[Records for this task]:
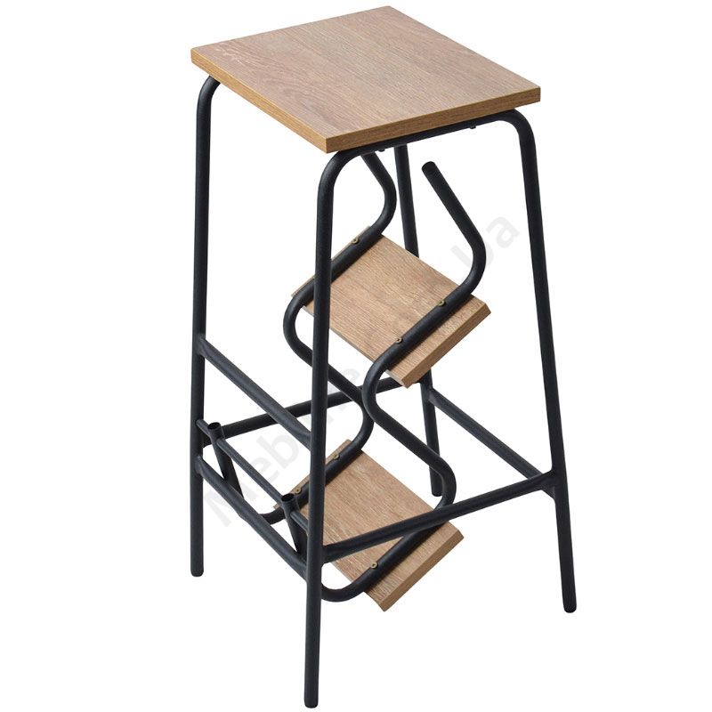 Стілець-драбинка кольору античного дуба на металевому чорному каркасі.
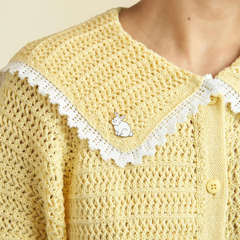 Les fans de lapin ne résisteront pas à cette adorable boule de poils ! Ce pin’s original est prêt à bondir fièrement sur les cols de veste pour y ajouter une touche de légèreté. On craque pour le pompon qui lui sert de postérieur et sa petit frimousse satisfaite.
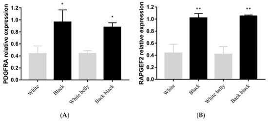 Expression of (A) RAPGEF2 and (B) PDGFRA in skin tissues from Wuzhishan pigs exhibiting one of the three possible coat colours. Results are shown as means ± SD of triplicate measurements. * indicates p < 0.05, ** indicates p < 0.01. White belly and black back are both samples from black-back/white-belly pigs.
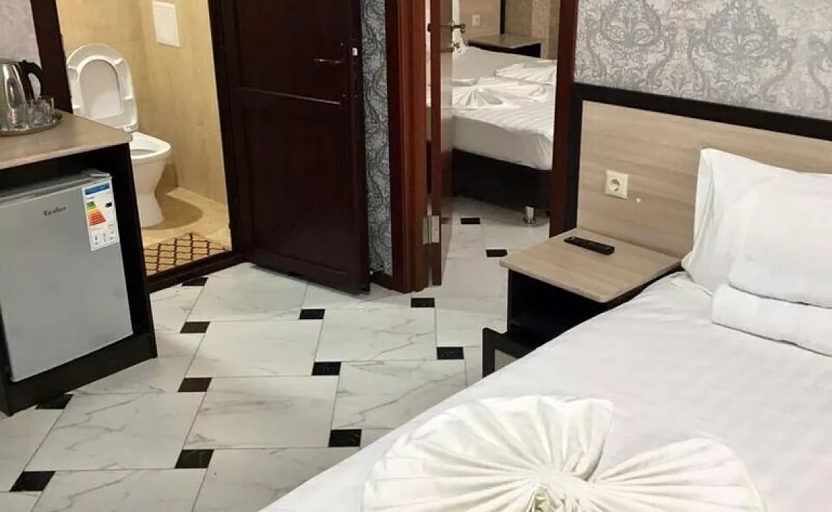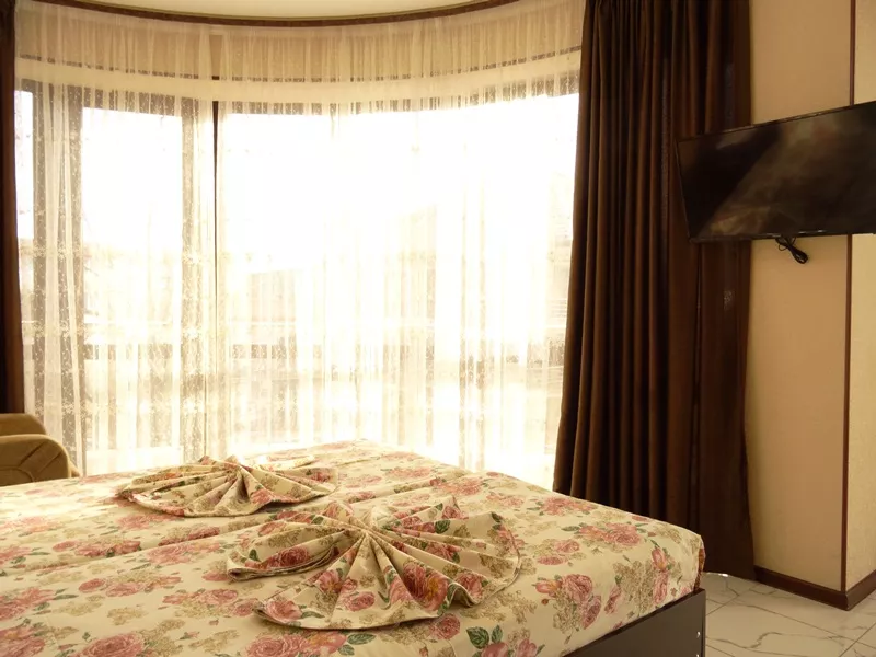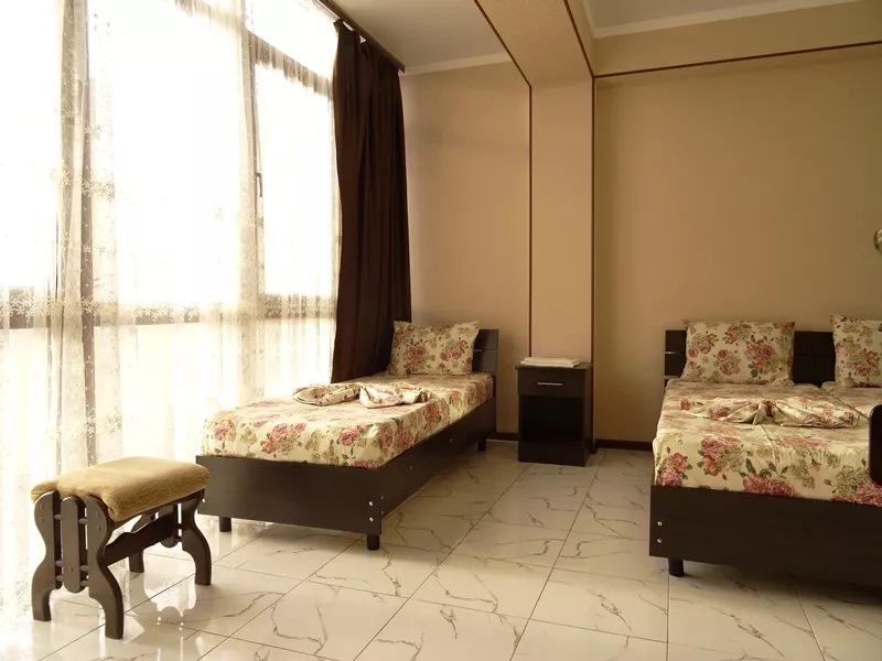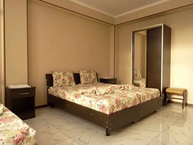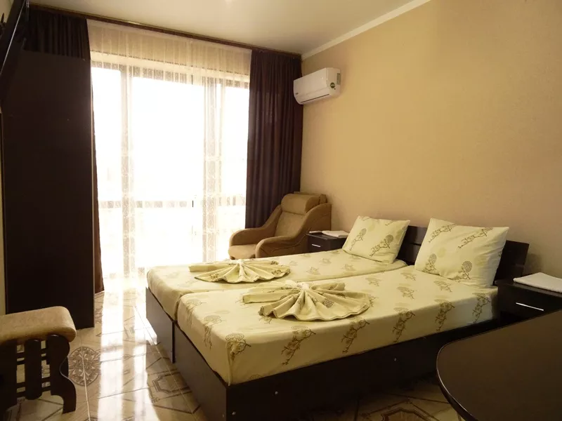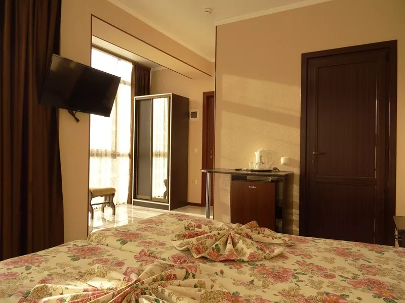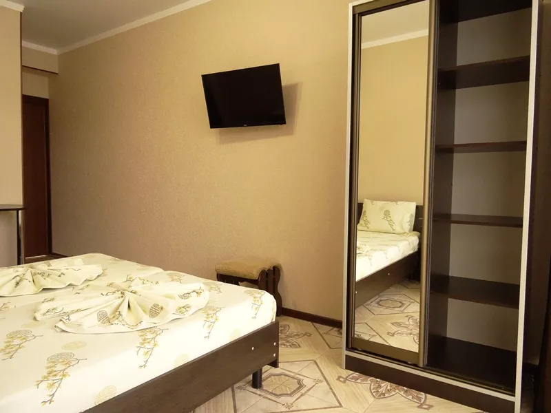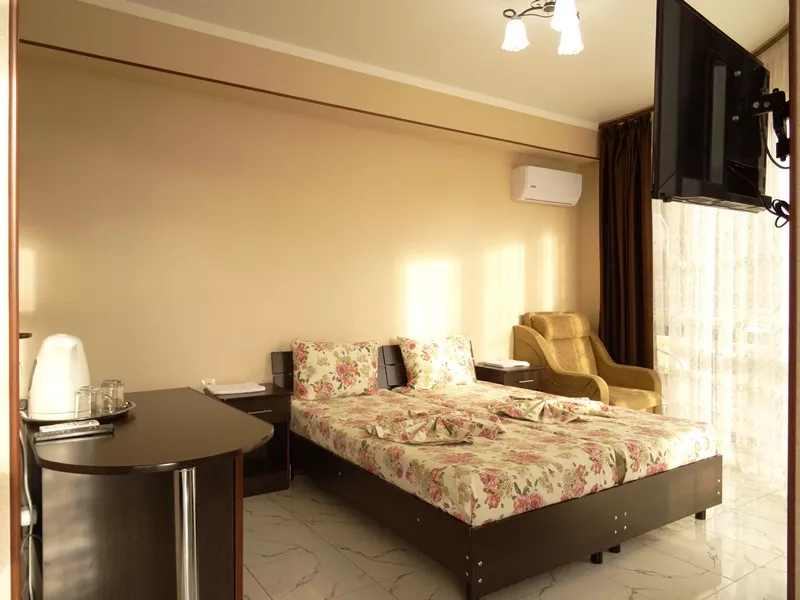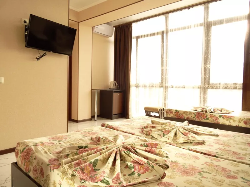 Мебель: односпальные или двуспальная кровати, кресло-кровать, шкаф, стулья, прикроватные тумбочки, журнальный столик, стол, вешалка, зеркало. Удобства: кондиционер, телевизор, интернет, холодильник, балкон (наличие уточнять).
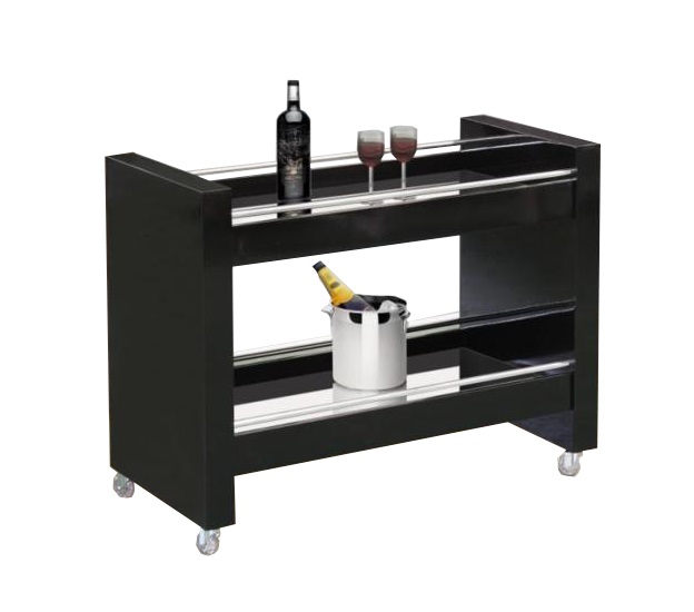 Carrinho de bar com estrutura em madeira, disponível em diversas tonalidades, com opção de vidro ou espelho ao fundo da bandeja.
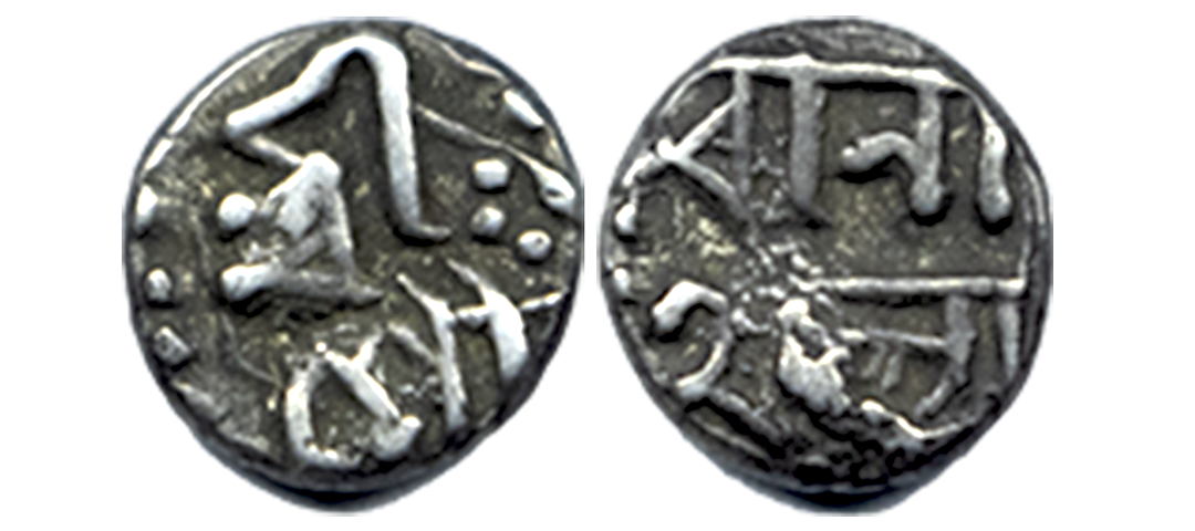 Assam, Gaurinatha Simha (SE 1702-1718 / 1780-1796 AD), Silver 1/16 Rupee, 0.70Grms, OBV: Sri Sri Gau/rinatha, REV: Simha/ Nrpasya. (A.Mitra # 432 types). Fine+.
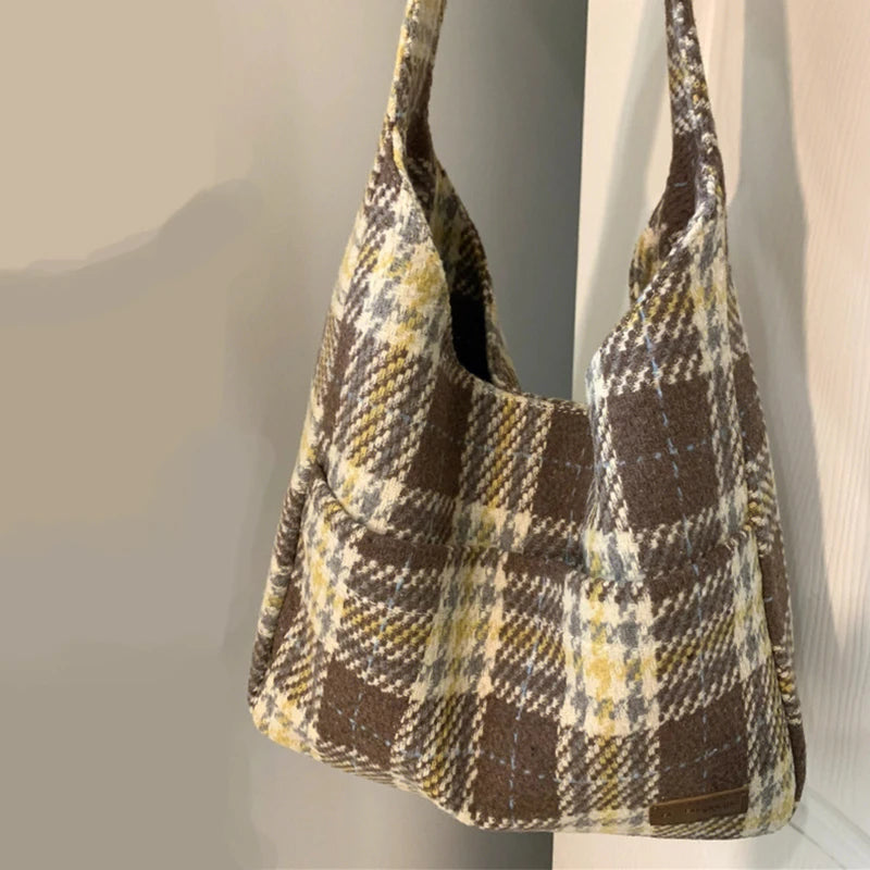 Stay stylish and organized with this versatile shoulder bag. Made of plaid canvas, it has a large capacity for shopping, work, or school.
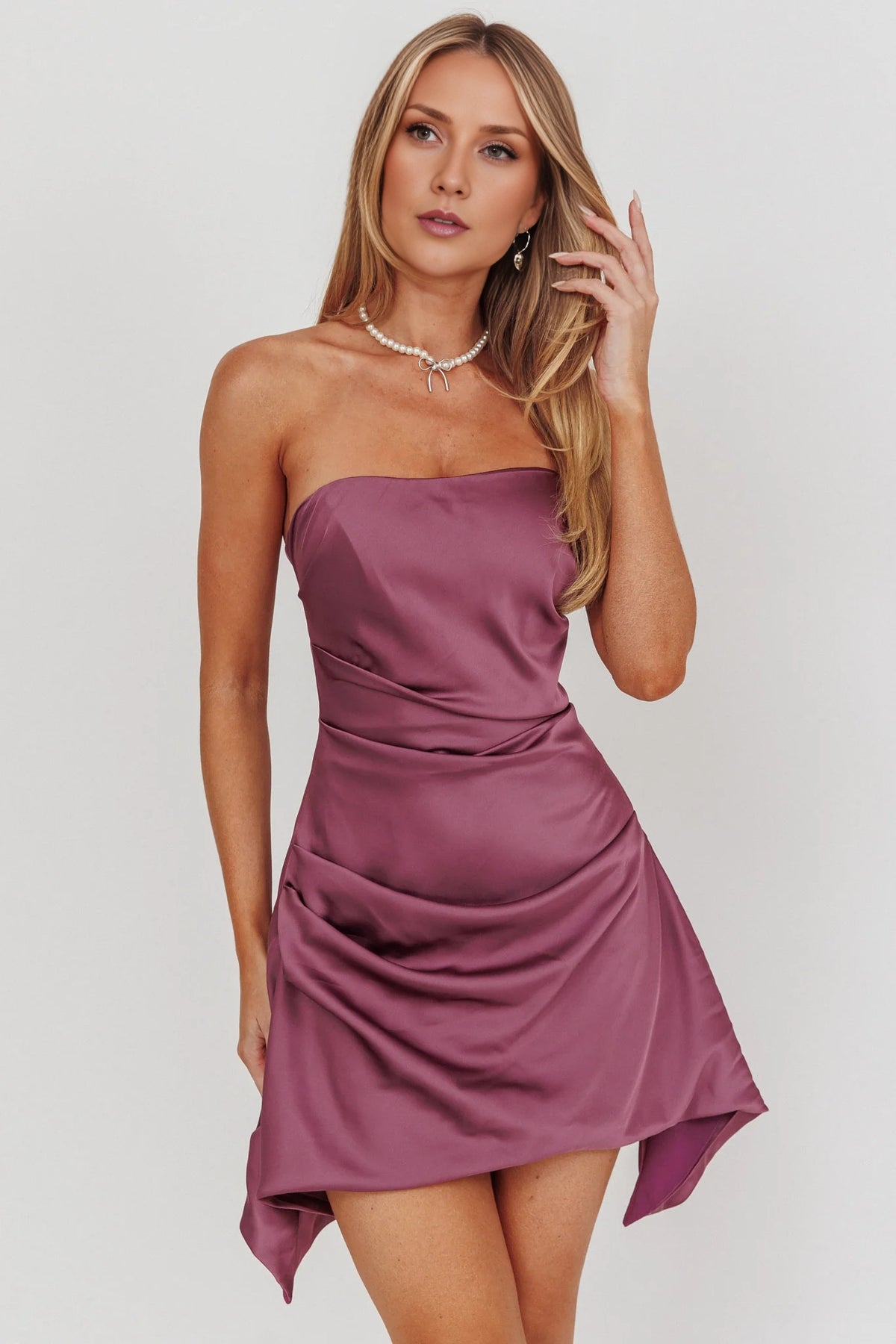 Gorgeous satin mini strapless fully lined back with zipper Homecoming Dresses
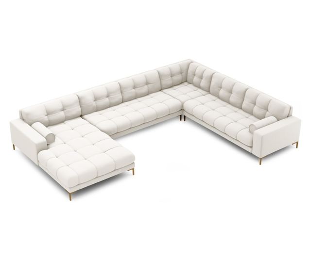 Насладете се на максимален комфорт и стил с U-образния диван Cosmopolitan Design 622212. Тапициран с елегантен, светло бежов плат с текстура (Neve), този диван въплъщава модерен дизайн. Златните крака добавят изискан щрих, който повдига визията на вашата всекидневна.
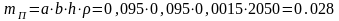 где - плотность стеклотекстолита (=2050 кг/м3), а*b*h – размеры печатной платы (берутся из чертежа печатной платы).

[Assigned task]: Your answer must be the lines from the one holding "Les fans de" through the final line of the records above, exactly as written and without any pictures.

[Solution to this problem]:
 Les fans de lapin ne résisteront pas à cette adorable boule de poils ! Ce pin’s original est prêt à bondir fièrement sur les cols de veste pour y ajouter une touche de légèreté. On craque pour le pompon qui lui sert de postérieur et sa petit frimousse satisfaite.
 Expression of (A) RAPGEF2 and (B) PDGFRA in skin tissues from Wuzhishan pigs exhibiting one of the three possible coat colours. Results are shown as means ± SD of triplicate measurements. * indicates p < 0.05, ** indicates p < 0.01. White belly and black back are both samples from black-back/white-belly pigs.
 Мебель: односпальные или двуспальная кровати, кресло-кровать, шкаф, стулья, прикроватные тумбочки, журнальный столик, стол, вешалка, зеркало. Удобства: кондиционер, телевизор, интернет, холодильник, балкон (наличие уточнять).
 Carrinho de bar com estrutura em madeira, disponível em diversas tonalidades, com opção de vidro ou espelho ao fundo da bandeja.
 Assam, Gaurinatha Simha (SE 1702-1718 / 1780-1796 AD), Silver 1/16 Rupee, 0.70Grms, OBV: Sri Sri Gau/rinatha, REV: Simha/ Nrpasya. (A.Mitra # 432 types). Fine+.
 Stay stylish and organized with this versatile shoulder bag. Made of plaid canvas, it has a large capacity for shopping, work, or school.
 Gorgeous satin mini strapless fully lined back with zipper Homecoming Dresses
 Насладете се на максимален комфорт и стил с U-образния диван Cosmopolitan Design 622212. Тапициран с елегантен, светло бежов плат с текстура (Neve), този диван въплъщава модерен дизайн. Златните крака добавят изискан щрих, който повдига визията на вашата всекидневна.
 где - плотность стеклотекстолита (=2050 кг/м3), а*b*h – размеры печатной платы (берутся из чертежа печатной платы).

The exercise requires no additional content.